Leave out all pictures while repeating the records exactly and completely.

:: WORKING DATA

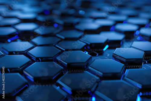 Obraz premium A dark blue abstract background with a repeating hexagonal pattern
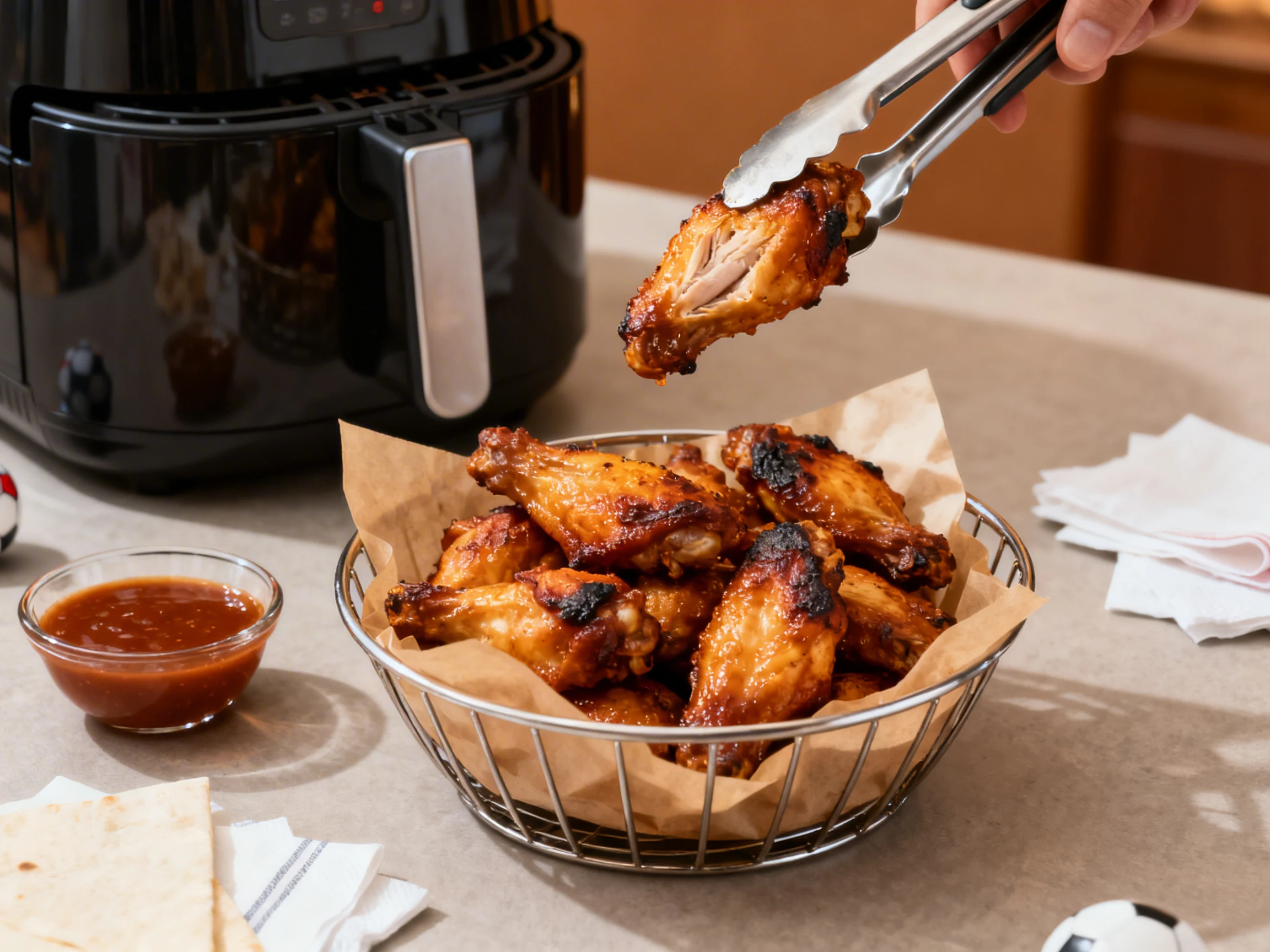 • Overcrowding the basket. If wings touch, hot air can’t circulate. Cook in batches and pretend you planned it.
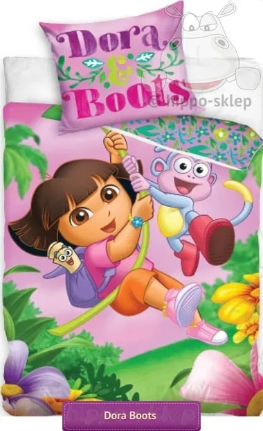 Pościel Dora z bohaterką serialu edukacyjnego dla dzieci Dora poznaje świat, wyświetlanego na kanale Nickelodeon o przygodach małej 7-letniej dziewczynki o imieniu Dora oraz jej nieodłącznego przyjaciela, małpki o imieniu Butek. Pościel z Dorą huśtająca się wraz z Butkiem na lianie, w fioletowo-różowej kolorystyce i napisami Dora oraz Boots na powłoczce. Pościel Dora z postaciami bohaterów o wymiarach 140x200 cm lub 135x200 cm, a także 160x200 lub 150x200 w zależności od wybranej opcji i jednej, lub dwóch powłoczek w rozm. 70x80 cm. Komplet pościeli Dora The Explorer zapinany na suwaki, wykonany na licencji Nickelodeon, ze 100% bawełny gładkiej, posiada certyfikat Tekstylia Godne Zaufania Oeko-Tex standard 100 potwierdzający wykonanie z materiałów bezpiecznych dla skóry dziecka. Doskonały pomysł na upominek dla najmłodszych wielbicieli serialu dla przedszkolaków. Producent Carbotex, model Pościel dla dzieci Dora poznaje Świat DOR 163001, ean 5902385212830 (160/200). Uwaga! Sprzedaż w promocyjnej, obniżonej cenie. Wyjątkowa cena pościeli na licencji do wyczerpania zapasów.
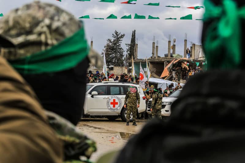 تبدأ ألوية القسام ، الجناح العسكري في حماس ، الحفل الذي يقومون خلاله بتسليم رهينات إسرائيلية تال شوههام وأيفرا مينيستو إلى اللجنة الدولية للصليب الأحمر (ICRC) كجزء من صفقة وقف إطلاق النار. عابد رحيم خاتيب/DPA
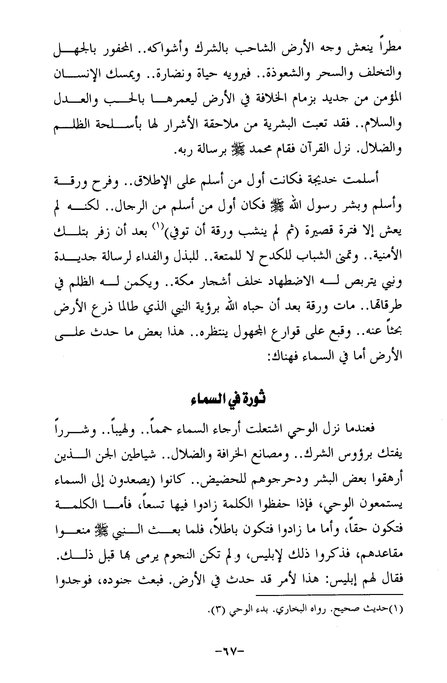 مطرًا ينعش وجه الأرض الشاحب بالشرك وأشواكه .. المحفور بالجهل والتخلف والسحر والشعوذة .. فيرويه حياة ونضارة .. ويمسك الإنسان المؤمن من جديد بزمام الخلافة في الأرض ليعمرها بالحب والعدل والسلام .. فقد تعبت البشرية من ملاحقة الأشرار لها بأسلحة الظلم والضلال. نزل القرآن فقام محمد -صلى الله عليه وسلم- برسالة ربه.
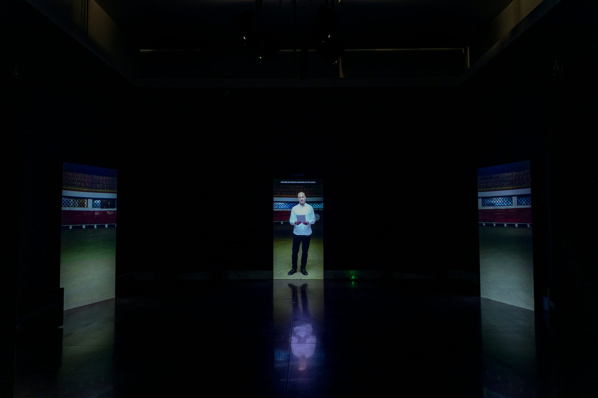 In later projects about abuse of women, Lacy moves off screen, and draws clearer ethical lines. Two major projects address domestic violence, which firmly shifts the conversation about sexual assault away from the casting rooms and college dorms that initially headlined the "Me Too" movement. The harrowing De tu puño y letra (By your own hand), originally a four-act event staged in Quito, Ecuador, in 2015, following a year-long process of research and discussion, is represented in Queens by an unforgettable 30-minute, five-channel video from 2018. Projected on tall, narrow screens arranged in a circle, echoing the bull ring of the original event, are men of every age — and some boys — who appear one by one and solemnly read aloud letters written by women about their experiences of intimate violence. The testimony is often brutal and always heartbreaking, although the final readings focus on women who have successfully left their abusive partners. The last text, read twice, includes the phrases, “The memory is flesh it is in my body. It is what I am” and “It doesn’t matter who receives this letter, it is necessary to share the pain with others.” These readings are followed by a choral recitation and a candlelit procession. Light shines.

::::

ANSWER FOR THIS EXERCISE:
 Obraz premium A dark blue abstract background with a repeating hexagonal pattern
 • Overcrowding the basket. If wings touch, hot air can’t circulate. Cook in batches and pretend you planned it.
 Pościel Dora z bohaterką serialu edukacyjnego dla dzieci Dora poznaje świat, wyświetlanego na kanale Nickelodeon o przygodach małej 7-letniej dziewczynki o imieniu Dora oraz jej nieodłącznego przyjaciela, małpki o imieniu Butek. Pościel z Dorą huśtająca się wraz z Butkiem na lianie, w fioletowo-różowej kolorystyce i napisami Dora oraz Boots na powłoczce. Pościel Dora z postaciami bohaterów o wymiarach 140x200 cm lub 135x200 cm, a także 160x200 lub 150x200 w zależności od wybranej opcji i jednej, lub dwóch powłoczek w rozm. 70x80 cm. Komplet pościeli Dora The Explorer zapinany na suwaki, wykonany na licencji Nickelodeon, ze 100% bawełny gładkiej, posiada certyfikat Tekstylia Godne Zaufania Oeko-Tex standard 100 potwierdzający wykonanie z materiałów bezpiecznych dla skóry dziecka. Doskonały pomysł na upominek dla najmłodszych wielbicieli serialu dla przedszkolaków. Producent Carbotex, model Pościel dla dzieci Dora poznaje Świat DOR 163001, ean 5902385212830 (160/200). Uwaga! Sprzedaż w promocyjnej, obniżonej cenie. Wyjątkowa cena pościeli na licencji do wyczerpania zapasów.
 تبدأ ألوية القسام ، الجناح العسكري في حماس ، الحفل الذي يقومون خلاله بتسليم رهينات إسرائيلية تال شوههام وأيفرا مينيستو إلى اللجنة الدولية للصليب الأحمر (ICRC) كجزء من صفقة وقف إطلاق النار. عابد رحيم خاتيب/DPA
 مطرًا ينعش وجه الأرض الشاحب بالشرك وأشواكه .. المحفور بالجهل والتخلف والسحر والشعوذة .. فيرويه حياة ونضارة .. ويمسك الإنسان المؤمن من جديد بزمام الخلافة في الأرض ليعمرها بالحب والعدل والسلام .. فقد تعبت البشرية من ملاحقة الأشرار لها بأسلحة الظلم والضلال. نزل القرآن فقام محمد -صلى الله عليه وسلم- برسالة ربه.
 In later projects about abuse of women, Lacy moves off screen, and draws clearer ethical lines. Two major projects address domestic violence, which firmly shifts the conversation about sexual assault away from the casting rooms and college dorms that initially headlined the "Me Too" movement. The harrowing De tu puño y letra (By your own hand), originally a four-act event staged in Quito, Ecuador, in 2015, following a year-long process of research and discussion, is represented in Queens by an unforgettable 30-minute, five-channel video from 2018. Projected on tall, narrow screens arranged in a circle, echoing the bull ring of the original event, are men of every age — and some boys — who appear one by one and solemnly read aloud letters written by women about their experiences of intimate violence. The testimony is often brutal and always heartbreaking, although the final readings focus on women who have successfully left their abusive partners. The last text, read twice, includes the phrases, “The memory is flesh it is in my body. It is what I am” and “It doesn’t matter who receives this letter, it is necessary to share the pain with others.” These readings are followed by a choral recitation and a candlelit procession. Light shines.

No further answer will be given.